Integrate with Charmed Apache Spark¶
Note
This feature is experimental and therefore should not to be used in a production environment.
This guide describes how Charmed Kubeflow (CKF) and the Charmed Apache Spark can be integrated using Juju. This integration enables running Spark jobs in Kubeflow Notebooks and Kubeflow Pipelines.
Requirements¶
Minimum requirements for this guide are:
A system with at least 8 cores CPU processor, 64GB of RAM and 150GB of disk space.
MicroK8s and Juju (agent version
<=3.6.9) installed and configured in the system. See CKF supported versions for more details about compatible versions of Kubeflow and Juju.charmcraftandtoxterraform, if you chose to deploy CKF + Charmed Apache Spark solution using Terraform.
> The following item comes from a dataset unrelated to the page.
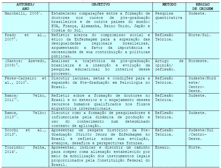 Neste ínterim, no desenvolvimento histórico da pós-graduação no Brasil verifica-se uma distribuição geográfica concentrada na região sudeste, o que impulsionou a criação de políticas fomentadas, em sua maioria, pela CAPES para favorecer a descentralização, a implementação e o crescimento de PG em outras regiões do Brasil 9. Alguns estudos 4),(8 sinalizam a preocupação com a interiorização dos PPG, uma vez que a sua maioria está concentrada na região sudeste, o que corrobora com as informações dos artigos selecionados para análise, que entre os oito artigos, três foram advindos da região sudeste exclusivamente e dois da região sudeste em parceria com outras regiões.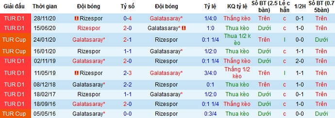+ Lịch sử đối đầu Galatasaray vs Rizespor

Integrate Spark with an existing CKF deployment¶
This section of the guide assumes that you already have a CKF deployment in a Juju model named kubeflow in your
Juju cloud. If not, please see CKF getting started guide for more details on how to do so, or
refer to Deploy Kubeflow-Spark solution using Terraform
section below.
Note
When using an existing CKF deployment, ensure that the metacontroller-operator charm is up to date with the
4.11/edge channel, since the changes that support Charmed Apache Spark integration are not yet merged
to the stable channel.
To integrate Charmed Kubeflow with Charmed Apache Spark, you need to deploy Spark Integration Hub, Data-Kubeflow Integrator and Resource Dispatcher charms, configure them and integrate them with Juju relations. The following sections describe these actions in detail.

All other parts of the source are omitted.